Compassion – People wind me up. They push my buttons. They leave me shaking my head in utter disbelief. They are, every one of them, also fighting battles that I have no knowledge about. If I had the exact DNA as them, the same upbringing, the same life chances, I would be exactly the same as them; I couldn’t be anything other than the same. And let’s not even delve too deeply into the effect that I have on other people. Damn it, I find myself unbearable at times. And so this behoves me to try and up my levels of compassion that I have for both my fellow humans, as annoying as they are, and indeed for myself. Compassion gets me to put myself in the other’s shoes before I act reactively towards them. It generally makes me a nicer person, I hope. Now, when people annoyingly tell me I am ‘too nice’, I am able to stop myself from punching them in the face.
Humour – This, to me, is the comedy equivalent to adaptability. Where adaptability seeks to discover the opportunity in a crisis, humour seeks to find the light in the darkness. Humour has served me well many times in my life, helping me to find laughter in what was a less than funny situation. By laughing at myself I have been able to turn a skin crawling, gut churning social faux pas into a side splittingly hilarious anecdote. By turning humour upon my own deeds my hope is that it keeps me authentic and real. Laughter really is the best medicine.
Now, these are my core values. They may not resonate at all with you, and that is fine. You do you. If it feels right then go with it.
The observant amongst you will have noticed that the first letter of each of my values spells out the word SCRATCH. This is a quirky coincidence, but having a mnemonic like this is great for remembering your values until you know them by heart.
This is because just writing them down means nothing. All that is, is a wish list. For our core values to become really useful we need to try and live them. By putting our core values to work, by living in accordance with them, we become better. And this is a long tradition shared by countless cultures and belief systems. These are often referred to as ‘virtues’. If values are the aspirations, then virtues are values in practice.
We have the cardinal virtues of Christianity, the four Brahmavihara virtues of Buddhism, the four virtues of Stoicism, the seven heavenly virtues, the chivalric virtues, the eight virtues of the Bushido code, and the thirteen virtues of Benjamin Franklin to name but a few. People have been using core values as a guiding light for millennia.
We’ve all met people who claim to follow some kind of religious values but seem to live a life at odds to those values. Or the company that has a web page devoted to espousing key core values only to do the opposite.
So how do we make them more than lip service? By constant review of them and by actually using them to help make informed decisions.
I write mine down in my Bullet Journal and review them weekly, and often more frequently. This keeps them fresh in my mind and allows me to change them if they no longer feel relevant.
When I am posed with a decision to make I ask myself “Does this bring me up to ‘SCRATCH’?”. For example, if I am considering skipping a workout because I can’t be bothered I think;
‘Will this decision make me more tenacious?’ Probably not.
‘Is it the courageous act to do?’ No. ‘
‘Will working out make me more adaptable?’ Yep.
‘How funny will it be to take a photo of my sorry-arsed face, dripping with sweat and looking pathetic, after the session?’ Very.
I can also use the core values to review myself and my actions.
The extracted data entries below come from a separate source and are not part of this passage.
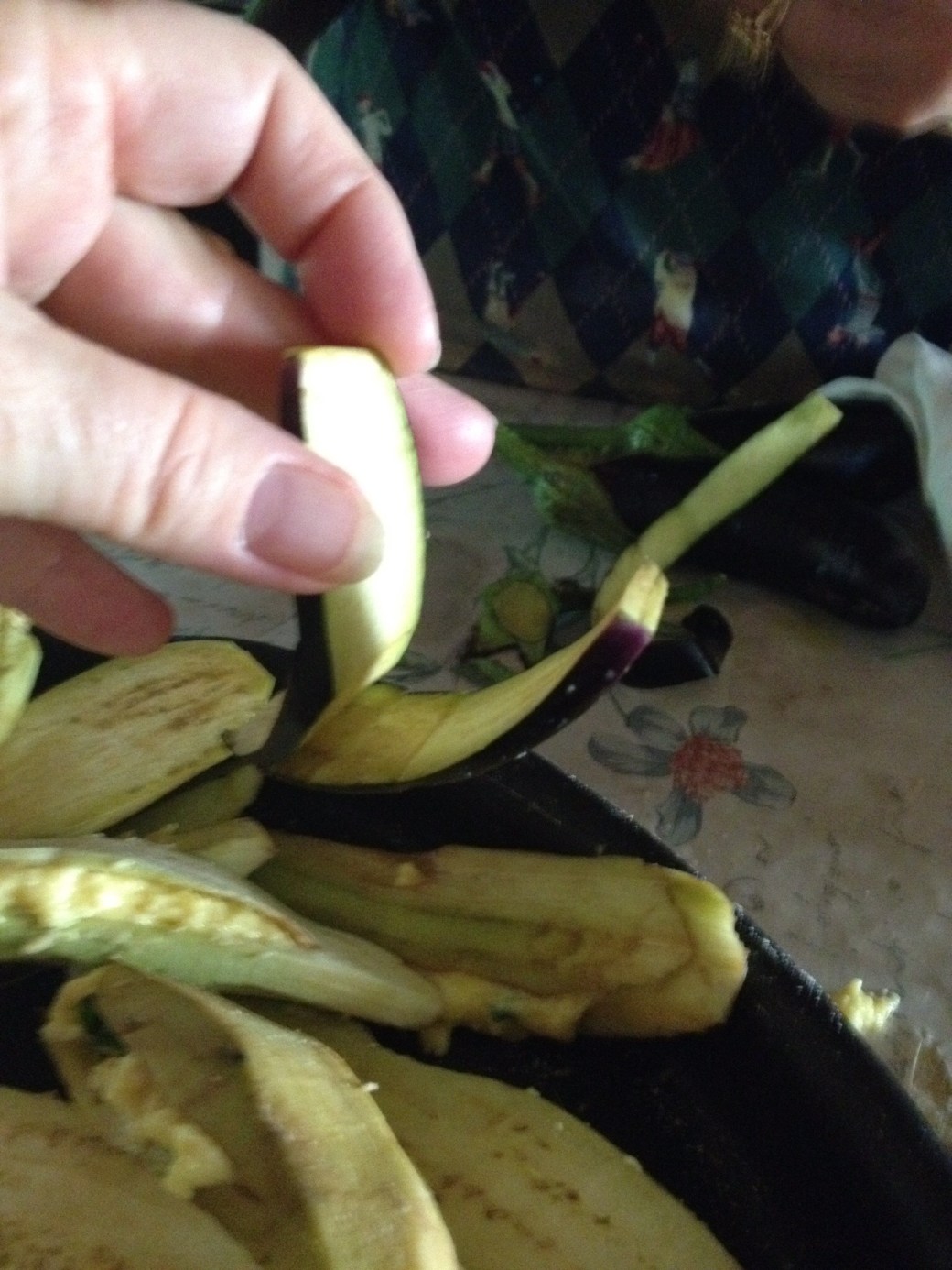 I like to eat the stuffed eggplant literally like a sandwich. She puts then in aluminum pans and covers them with what she calls sughetto and freezes them. They will be brought out in the winter, baked and eaten like – you guessed it – a vegetarian lasagna!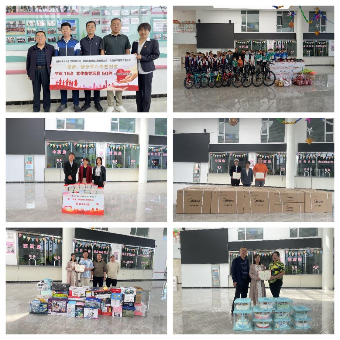 最美人间六月天,童心灿烂,爱心满满。在六一儿童节到来之季,社会各界爱心企业和个人走进儿童福利院,用不同的方式表达着对院内儿童的牵挂与关爱,献上了自己的一片爱心。其中榆林市海元众邦工贸有限公司陕西长城建设工程有限公司、陕西神华服饰有限公司为我院捐赠空调十五台、益智玩具50余件,价值六万余元;爱心人士秦丹、谢宝龙捐赠空调十个,价值四万余元 ;未成年保护咨询委员会向我院捐赠自行车、滑板车等体育器材;价值一万余元,中国工商银行股份有限公司榆林分行捐赠图书393册,价值一万余元;厦门香溢已坚持七年,每年捐赠蛋糕十余个。捐赠的物品是有价值的,但是社会各界对儿童的牵挂是无价的,我们感谢社会各界爱心人士对我院儿童的牵挂与奉献,感谢社会各界对我院工作的支持,对我院儿童无私的关爱。送人玫瑰,手留余香,祝福好心人一生平安。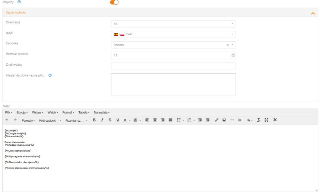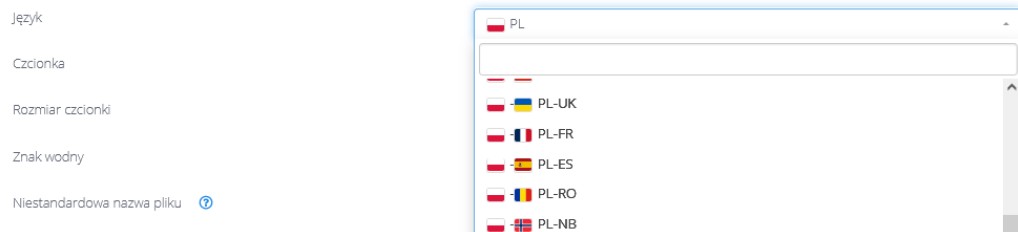 W module Ustawienia > Szablony > Wydruki, w ramach konfiguracji konkretnego szablonu dokumentu dostępna jest opcja ustawienia języka wydruku. Dzięki temu wartości w znacznikach mogą być prezentowane w różnych kombinacjach językowych.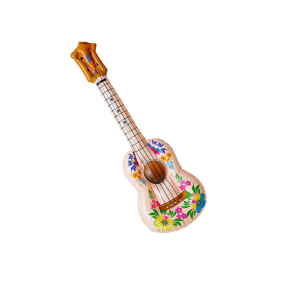 The sun is shining, the ocean is roaring and you can feel the hot sand between your toes. Beautiful hula girls sway to exotic sounds against a breathtaking beach backdrop. The sound of the sea is accompanied by cheerful laughter. People make music together. It smells of faraway places... Fancy a vacation? Sit on the white sandy beach with good friends and play a relaxing song on your guitar. You can bring the Caribbean home with the Hawaiian inflatable guitar. Decorate your location with hula chains and palm trees, and use our beautiful air-filled ukulele as a costume accessory & Hawaiian party decoration. The Hawaiian inflatable guitar makes an excellent beach party decoration and is a creative decoration idea for your cheerful and colorful Hawaiian party.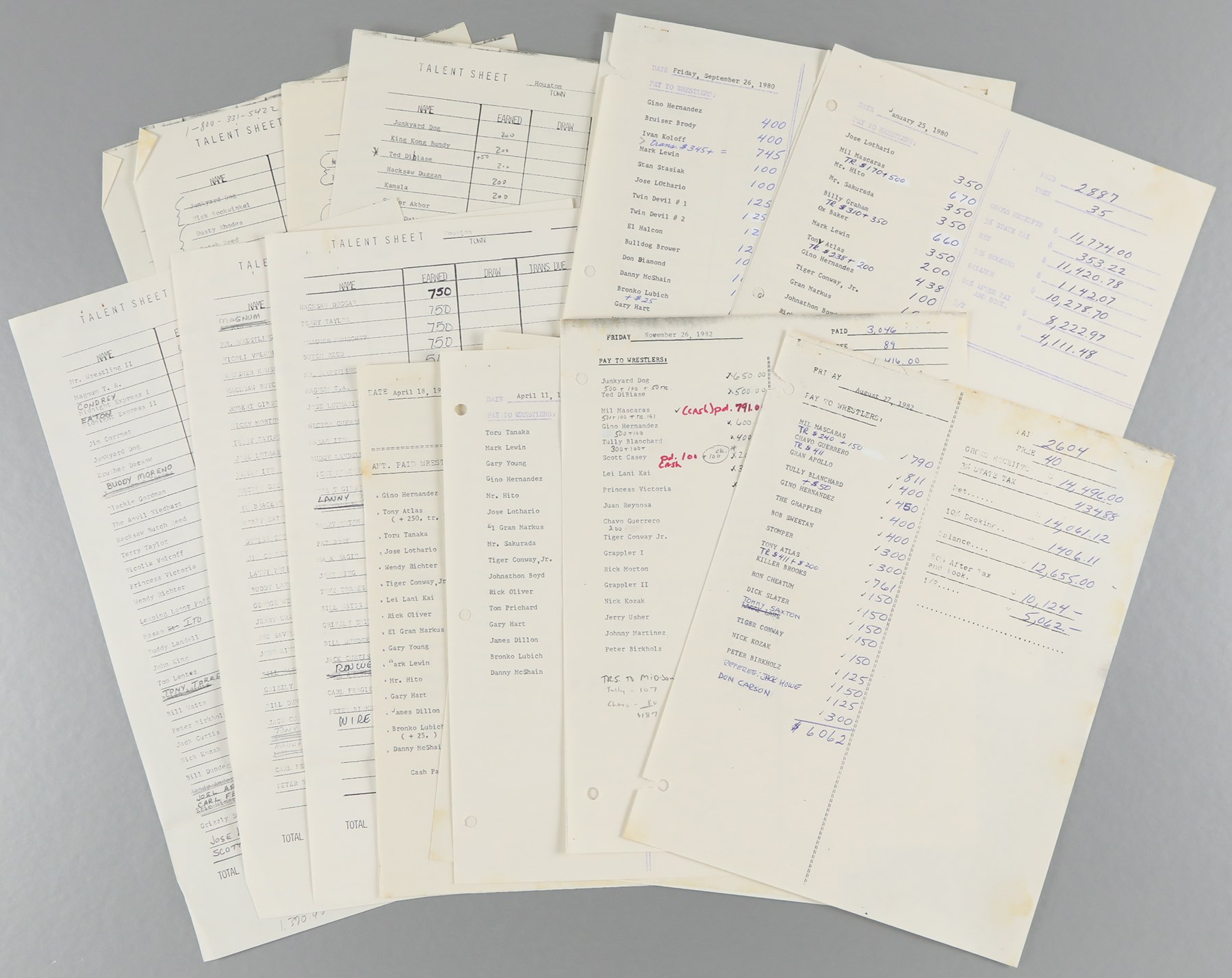 Lot of 31 talent sheets from 1980-85 Texas wrestling. Each sheet of paper measures 8.5x11" and includes historical names in wrestling history. Some of the names that are written and/or typed on these sheets are: Bruiser Brody, Hacksaw Butch Reed, Jake Roberts, Junkyard Dog, Ted DiBiase, Mr. Wrestling II, Tony Atlas, Kamala, Hacksaw Jim Duggan, Skandor Akbar, Toru Tanaka, Dusty Rhodes, King Kong Bundy, Dick Slater, Lord Humongous, Buzz Sawyer, and many more. There are staple holes in top left corners of most of the pages. Overall, the pages are in very good to excellent condition. These papers were used to keep track of the money owed to the wrestlers for their event appearances in Houston, Texas.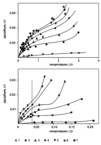Рис. 6. Изотермы сорбции йода (а) и родамина С (б) из их водных растворов образцами полиэтилентерефталата, растянутыми в н-пропаноле до различных степеней вытяжки: 1 - 20%, 2 - 50%, 3 - 100%, 4 - 150%, 5 - 200%, 6 - 300%, 7 - 400%. На рис.6 представлены изотермы адсорбции двух веществ - йода (а) и родамина С (б) - из их водных растворов. Хорошо видно, что полимер, растянутый в жидкости, действительно становится эффективным адсорбентом, способным поглощать любые низкомолекулярные вещества из их растворов. Причем эффективность адсорбции зависит как от величины деформации полимера, так и от молекулярных размеров сорбируемого вещества (молекулы йода имеют размер ~0.5 нм, а молекулы родамина С - 17.5 нм), рис.7. Из рисунка хорошо видно, что адсорбция йода при малых степенях удлинения возрастает, а затем, достигнув максимума, перестает изменяться, в то время как более объемные молекулы родамина С в области 200%-го удлинения демонстрируют резкий спад адсорбции. Очевидно, крейзы, возникающие на первых этапах растяжения, содержат пустоты больших размеров, легко доступные даже крупным молекулам родамина С. По мере вытяжки крейзы разрастаются, что увеличивает площадь межфазной поверхности полимера, и, соответственно, возрастает адсорбция. Но когда начинается описанный выше структурный переход, приводящий к сжатию структуры и уменьшению эффективного диаметра пор, сокращается число пустот, доступных молекулам сначала родамина С (начиная со 250%-го удлинения), а затем и йода (с 300%-го). Таким образом, существует метод разделения молекул путем адсорбции из раствора тех из них, которые способны проникать в поры данного размера (молекулярно-ситовый эффект). Поскольку размер пор можно легко регулировать, изменяя степень вытяжки полимера в адсорбционно-активной среде (используя эффект Ребиндера), легко добиться избирательной адсорбции.

Was I compassionate with those around me? Did my actions get me closer to self-reliance? Did I give up too quickly or push on?
My core values keep me accountable to all that I hold dear about my character. They guide me in my decision making and actions. And the more I use them the easier it seemingly becomes to adhere to these values.
So why not set aside half an hour an take a look at your own guiding, moral lighthouse?